A strange feeling has come over me of late.. Its been a few months now and i can't get him out of my head..the thoughts just stick.
I can't honestly say its the first time I've felt like this. I've had other people stick in my head too.. But not like him, no one has been able to make an impression as fast as him. He is funny and smart and articulate while being completely looney! There isn't a single conversation i've had where he hasn't had me in peels of laughter:D- i can still laugh with the same intensity at his wise crack that is now so old its probably growing things on it.. I admire his love for life, his ability to stay smiling in the face of pain and disappointment-Anger is an emotion i don't believe he possesses for if he does he controls it remarkably well.

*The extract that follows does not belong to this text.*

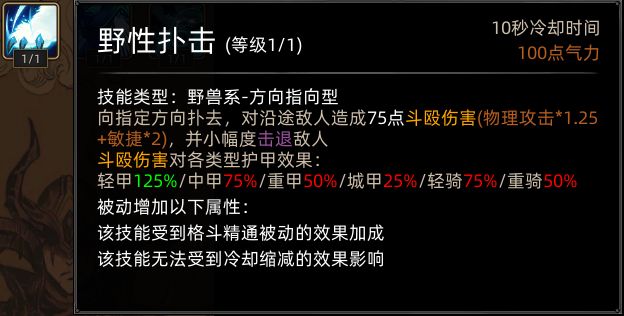 野性之魂开局新增基础格斗,如下所示:

He isn't too much of a talker- but get him started and you're in for some incomparable entertainment..
He isn't the best looker either-his nose seems wildly out of proportion when compared to his eyes and his tummy could certainly do with a tuck.. A few inches in the height area wouldn't hurt either :P.. He almost waddles when he walks and yet something about him comforts me.. It makes me feel safe it leaves me feeling familiar-without the goose bumps that present themselves along with an unsettling dizziness everytime there has to be a change. I miss him..even his being around if only just in the vicinity used to allow me to breathe easy. I looked forward to seeing him smile only because it made me smile.
The man displays an unnatural ability of being extremely independent and yet completey grounded. Family is hugely important (they seem wonderful too btw) and the ease with which the members get along with each other is actually enviable- the kind that makes you want to be a part of it..
He had become my family.And then again..Its odd how things change.. I don't know what happened.. But i was no one..
Change can be fast-sudden-like removing a band-aid..it takes a while for the pain to kick in but when it does it Hurts!! Or change can be slow-the kind that gets you in your sleep.. You never wake up to feel it.. I think my change is slow.. And i hope i never wake up to feel it..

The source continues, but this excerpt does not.